Flynn is a cautious and careful writer. Unlike many others in the I.Q. debates, he resists grand philosophizing. He comes back again and again to the fact that I.Q. scores are generated by paper-and-pencil tests—and making sense of those scores, he tells us, is a messy and complicated business that requires something closer to the skills of an accountant than to those of a philosopher.
For instance, Flynn shows what happens when we recognize that I.Q. is not a freestanding number but a value attached to a specific time and a specific test. When an I.Q. test is created, he reminds us, it is calibrated or “normed” so that the test-takers in the fiftieth percentile—those exactly at the median—are assigned a score of 100. But since I.Q.s are always rising, the only way to keep that hundred-point benchmark is periodically to make the tests more difficult—to “renorm” them.
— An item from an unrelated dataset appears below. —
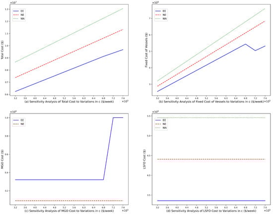 This study specifically focuses on investigating the impact of the weekly fixed cost per ship on operational decisions. A predetermined value of $360,000 is initially assigned to the weekly fixed cost per ship. However, it should be noted that the value of c is subject to significant variations due to various factors, such as the repercussions of epidemics or unforeseen circumstances, and it may even experience increasing prices owing to technological advancements, such as becoming equipped with advanced scrubbers [33]. Consequently, a range of values for c is defined, spanning from 340,000 to 600,000 dollars, and the corresponding outcomes are documented in Figure 7.

The original WISC was normed in the late nineteen-forties. It was then renormed in the early nineteen-seventies, as the WISC-R; renormed a third time in the late eighties, as the WISC III; and renormed again a few years ago, as the WISC IV—with each version just a little harder than its predecessor. The notion that anyone “has” an I.Q. of a certain number, then, is meaningless unless you know which WISC he took, and when he took it, since there’s a substantial difference between getting a 130 on the WISC IV and getting a 130 on the much easier WISC.
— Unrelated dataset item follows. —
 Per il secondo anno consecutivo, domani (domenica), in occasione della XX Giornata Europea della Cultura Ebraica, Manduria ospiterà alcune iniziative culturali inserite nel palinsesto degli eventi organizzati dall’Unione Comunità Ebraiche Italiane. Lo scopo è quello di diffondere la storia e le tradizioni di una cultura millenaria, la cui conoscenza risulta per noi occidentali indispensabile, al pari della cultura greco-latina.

This is not a trivial issue. I.Q. tests are used to diagnose people as mentally retarded, with a score of 70 generally taken to be the cutoff. You can imagine how the Flynn effect plays havoc with that system. In the nineteen-seventies and eighties, most states used the WISC-R to make their mental-retardation diagnoses. But since kids—even kids with disabilities—score a little higher every year, the number of children whose scores fell below 70 declined steadily through the end of the eighties. Then, in 1991, the WISC III was introduced, and suddenly the percentage of kids labelled retarded went up. The psychologists Tomoe Kanaya, Matthew Scullin, and Stephen Ceci estimated that, if every state had switched to the WISC III right away, the number of Americans labelled mentally retarded should have doubled.